The Embedding Atlas is an interactive visualization tool that displays all evaluation ratings as points in a 2D semantic space. Each point represents an agent response (witness, judge, or opposing counsel) that has been rated either by a human evaluator or by automated LLM evaluation.

## What Are Embeddings?

Embeddings are high-dimensional vector representations of text that capture semantic meaning. When we evaluate an agent response, we create an embedding that encodes:

* **The agent's response** (the actual message text)
* **Context** (preceding conversation/question that prompted the response)
* **Feedback** (human or automated reasoning about quality)
* **Metadata** (agent type, courtroom phase)
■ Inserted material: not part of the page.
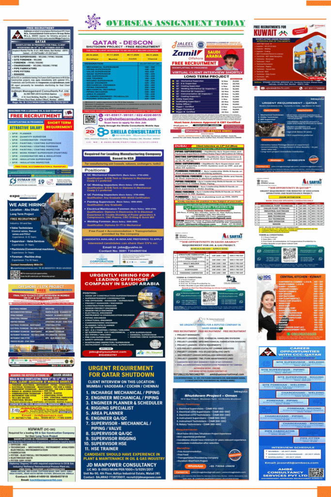 The Assignment Abroad Times is a weekly publication dedicated to job seekers aspiring to work abroad. It includes vacancies from reputed employers and recruitment agencies for countries such as Saudi Arabia, UAE, Qatar, Oman, Kuwait, Bahrain, and others.

These embeddings use OpenAI's `text-embedding-ada-002` model, producing **1536-dimensional vectors**.

## Understanding the Axes

The visualization projects 1536 dimensions onto a 2D plane by selecting the **two dimensions with the highest variance** across all embeddings. The axes do NOT have fixed semantic meanings -- they represent whichever embedding dimensions contain the most variation in your current dataset.

**Key insight:** The absolute position on X or Y is not meaningful. What matters is the **relative distances** between points.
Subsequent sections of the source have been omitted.